== Task details ==
Below is a listing to transcribe in full and exactly; keep the pictures out.

== Data for the task ==

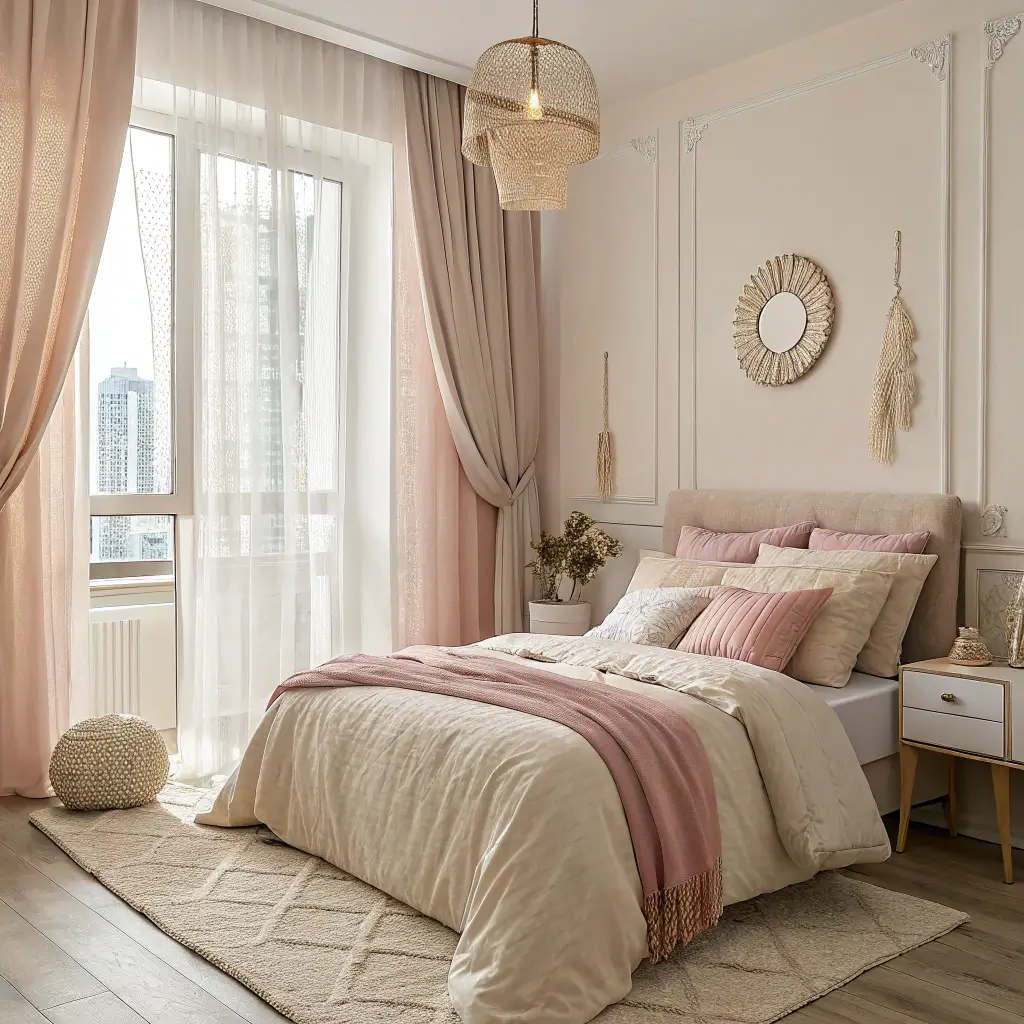 Storage becomes part of the design here. Beige baskets, neutral curtains hiding closet chaos, furniture that doubles as storage – everything blends seamlessly. The room breathes instead of feeling stuffed, even when you’re maximizing every square inch.
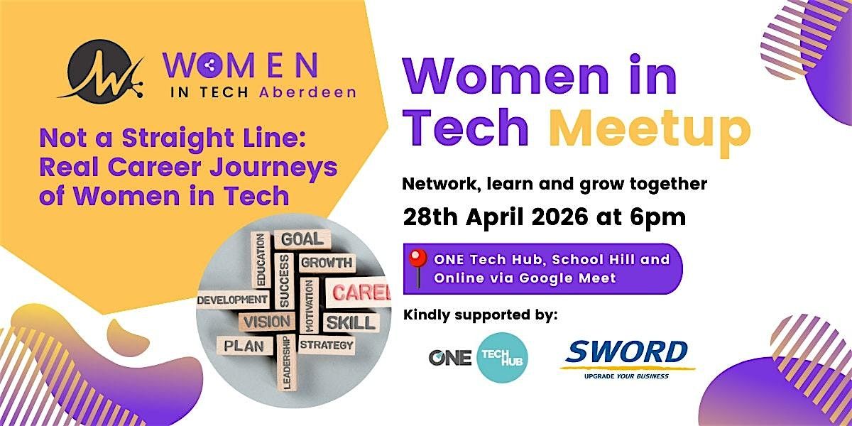 By clicking the button to submit this form, you are consenting to the information you provide being used by Women in Tech Aberdeen to contact you directly in relation to this event and future events. We will share your information with the venue to allow more efficient registration when you arrive. Please note that photographs and footage may be taken throughout the event. These may be used by Women in Tech Aberdeen for marketing, on our website and in social media.
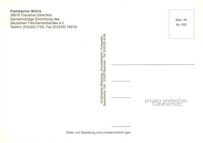 72961088 Clausthal-Zellerfeld Flambacher Muehle Deutscher Familienverband eV postalisch nicht gelaufen Erhaltung siehe scans [FriedD77] KatCode: 11110003153004
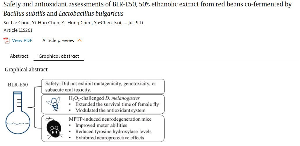 概述:本研究发现,红豆发酵提取物BLR-E50具有良好安全性及多效生物活性,包括抗氧化、抗衰老与神经保护作用,支持其作为功能性食品成分在膳食干预中的应用潜力。
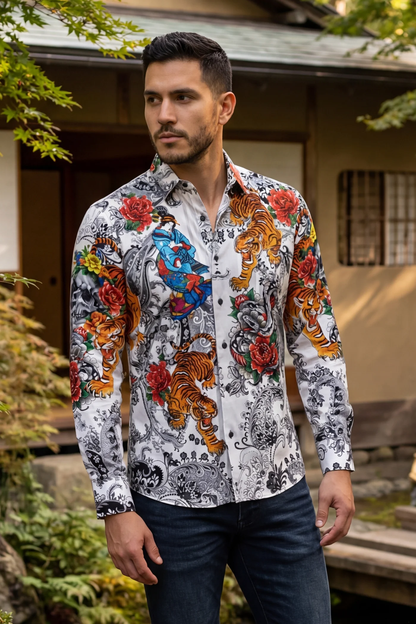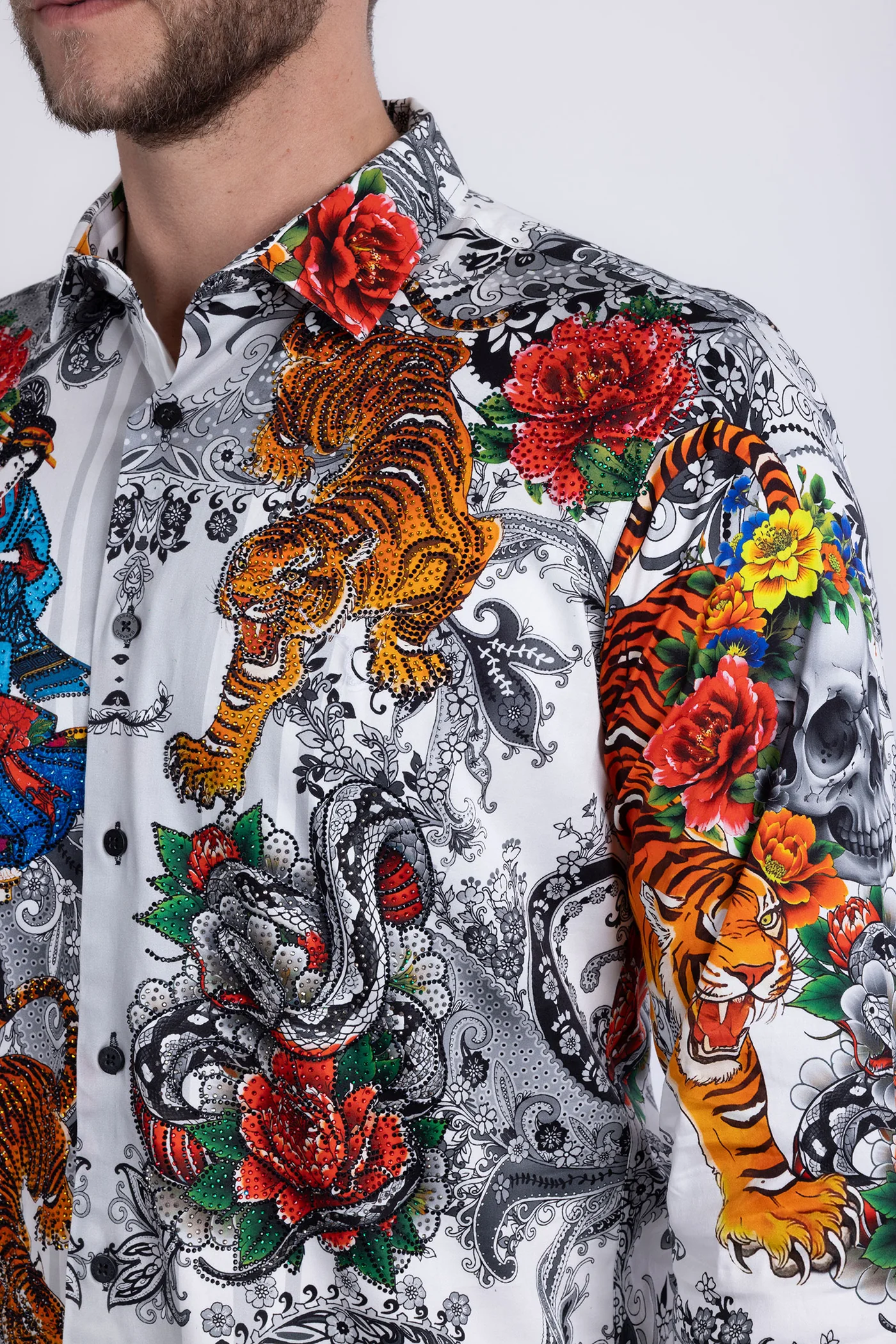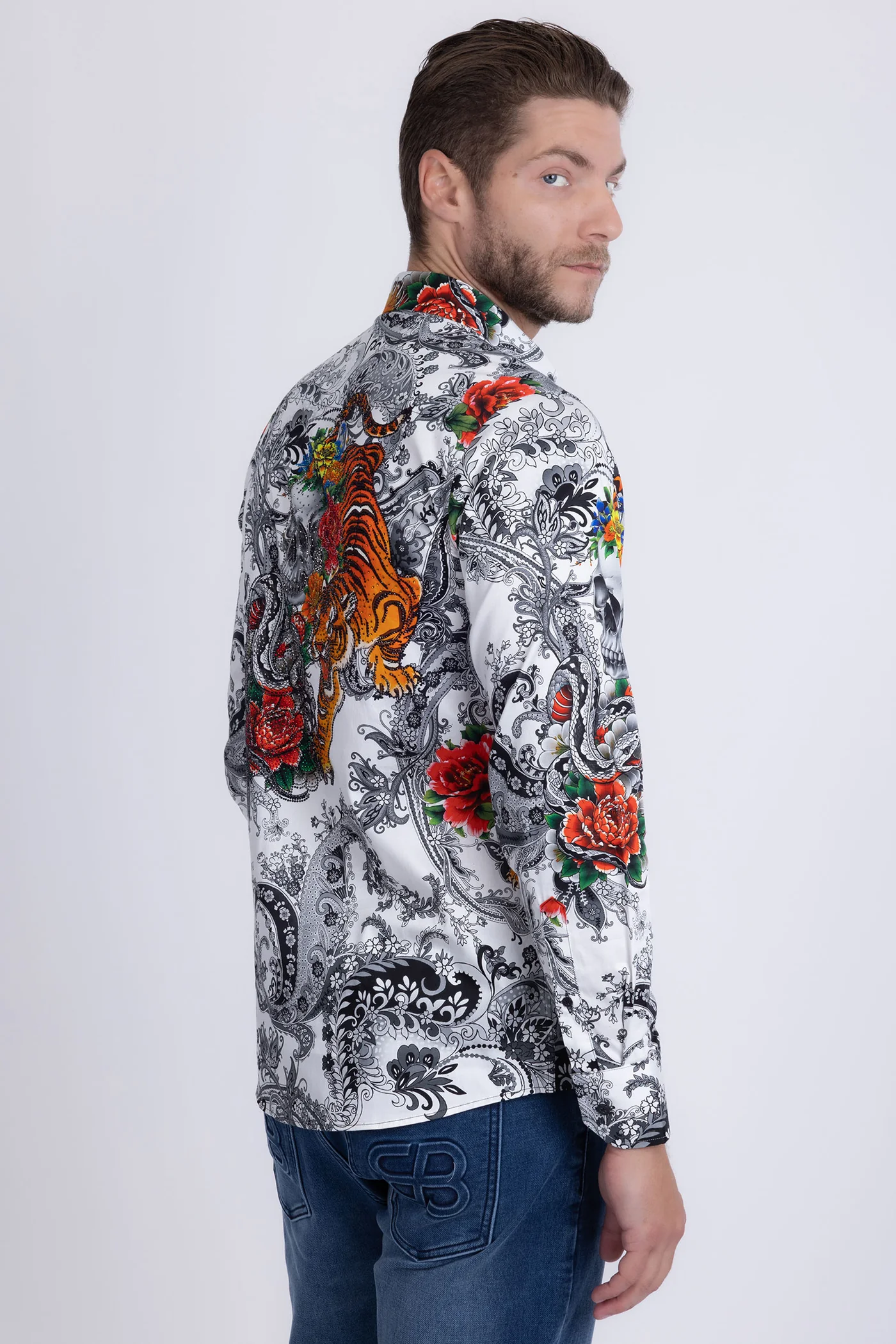 Discover refined elegance with this Cranium men’s long sleeve shirt, featuring an intricate rhinestone-embellished design that blends floral and animal artistry. Crafted from premium lightweight stretch fabric, it delivers both comfort and visual impact for the modern man who values quality craftsmanship and distinctive style. A signature Barabas piece that commands attention without compromise.
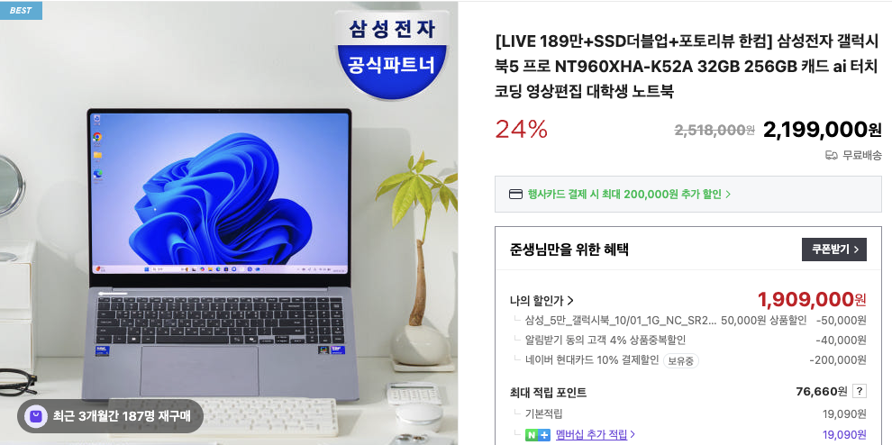 갤럭시북5 프로는 현 시점 가장 합리적인 선택지라고 생각하고있고, 저 또한 현재까지도 문제없이 만족하며 사용중입니다.

== Solution for this problem ==
 Storage becomes part of the design here. Beige baskets, neutral curtains hiding closet chaos, furniture that doubles as storage – everything blends seamlessly. The room breathes instead of feeling stuffed, even when you’re maximizing every square inch.
 By clicking the button to submit this form, you are consenting to the information you provide being used by Women in Tech Aberdeen to contact you directly in relation to this event and future events. We will share your information with the venue to allow more efficient registration when you arrive. Please note that photographs and footage may be taken throughout the event. These may be used by Women in Tech Aberdeen for marketing, on our website and in social media.
 72961088 Clausthal-Zellerfeld Flambacher Muehle Deutscher Familienverband eV postalisch nicht gelaufen Erhaltung siehe scans [FriedD77] KatCode: 11110003153004
 概述:本研究发现,红豆发酵提取物BLR-E50具有良好安全性及多效生物活性,包括抗氧化、抗衰老与神经保护作用,支持其作为功能性食品成分在膳食干预中的应用潜力。
 Discover refined elegance with this Cranium men’s long sleeve shirt, featuring an intricate rhinestone-embellished design that blends floral and animal artistry. Crafted from premium lightweight stretch fabric, it delivers both comfort and visual impact for the modern man who values quality craftsmanship and distinctive style. A signature Barabas piece that commands attention without compromise.
 갤럭시북5 프로는 현 시점 가장 합리적인 선택지라고 생각하고있고, 저 또한 현재까지도 문제없이 만족하며 사용중입니다.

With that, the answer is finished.